Many rental agencies have frequent renter programs that come with benefits like quicker reservations and credits toward future rentals. But more importantly, signing up lets renters to skip the long line at the counter. These are all free benefits that even first-time renters can use. It’s always rad to feel like a VIP. (Signing up is free!)

For example, San Francisco International Airport has a separate Hertz Gold Plus Rewards line hidden in the airport garage, letting renters skip the 20+ people queue. For real laziness, Hertz will even preassign cars to members on a giant football-score-like board at the airport. So most members can just go directly to the car stall and go — all for no added cost.

Actually check the car before driving off.

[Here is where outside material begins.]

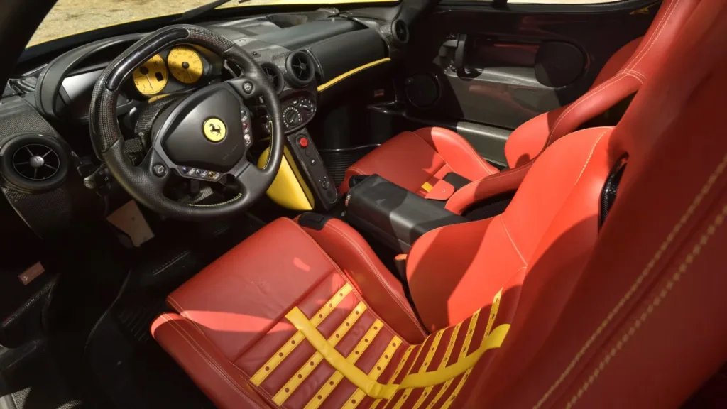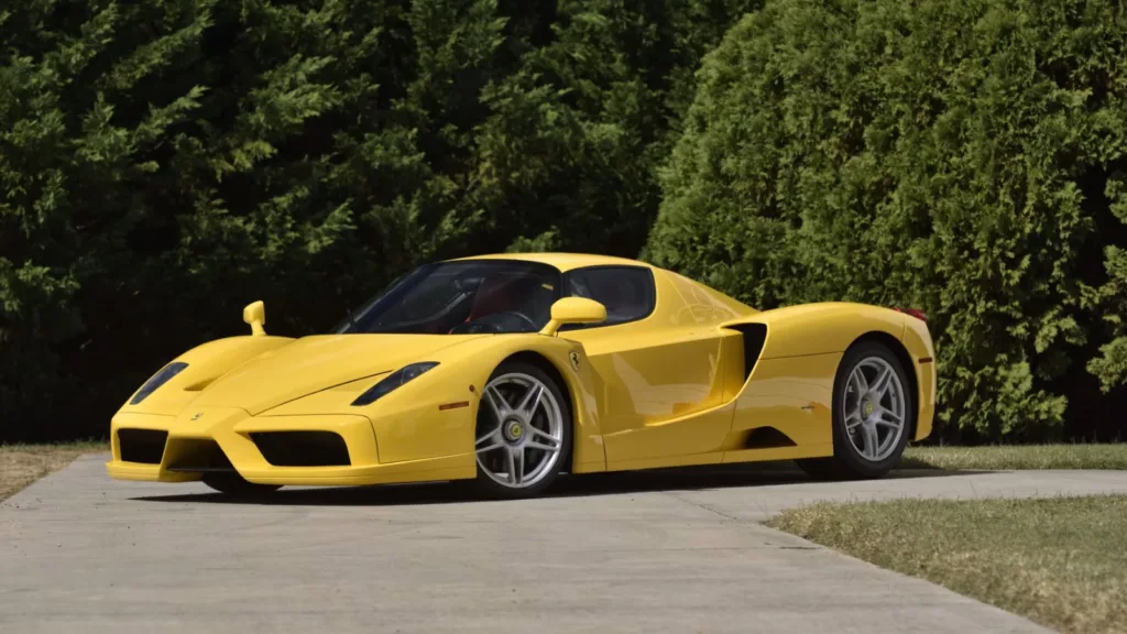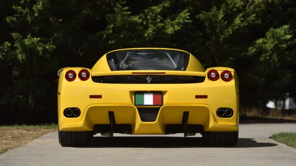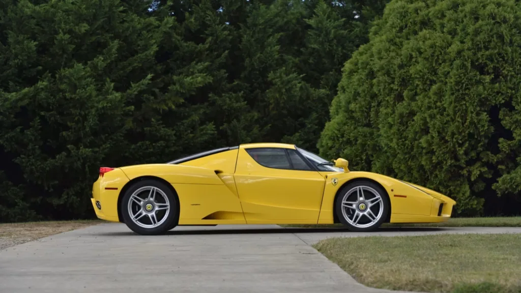 Ferrari Enzo räknas som en av de sista analoga superbilarna, och exemplet är ovanligt lite använt. Mätarställningen uppgick till 649 miles vid försäljningen, motsvarande 1 045 km. Drivlinan i rekordbilen består av en 6,0-liters V12-motor på 651 hästkrafter och 658 Nm vridmoment. Bilen är lackerad i Giallo Modena, en färg som endast 36 Ferrari Enzo levererades i.

For damage and things like that.

The fuel gauge is on what side?

And no one cares until it’s time to fill up the tank. In most newer models, there’s an indicator right there on the dashboard with a little arrow that points to the side the gas tank is located. No point in wasting time when trying to get the car back.

Always save the receipt.

If a rental car is returned without a full gas tank, that’s extra money out of the pocket. The shadiest part is this, though: Some car rental agencies require the fuel receipt otherwise they’ll slap on an additional charge at the end. This even includes Hertz! So to be safe rather than sorry, hold on to the receipt like your wallet depends on it. Cause it actually does.

If you’re feeling paranoid, take photos of the odometer and fuel gauge at both pick-up and drop-off for added documentation.

Get It back on time.

Returning a rental car late will quickly incur massive additional fees. Some agencies are slightly more lenient than others when it comes to returns and have a grace period where no charges will be added (anywhere between 29 minutes up to an hour after the scheduled return time). But no agency has infinite room for mercy; all bets are off when the grace period ends.

Hourly charges will be tacked on to the bill and they add up quickly! Each hour late can add a quarter to half of the daily rate to the final total. If you’re going to need more time, call the agency ahead of time to extend the length of your rental.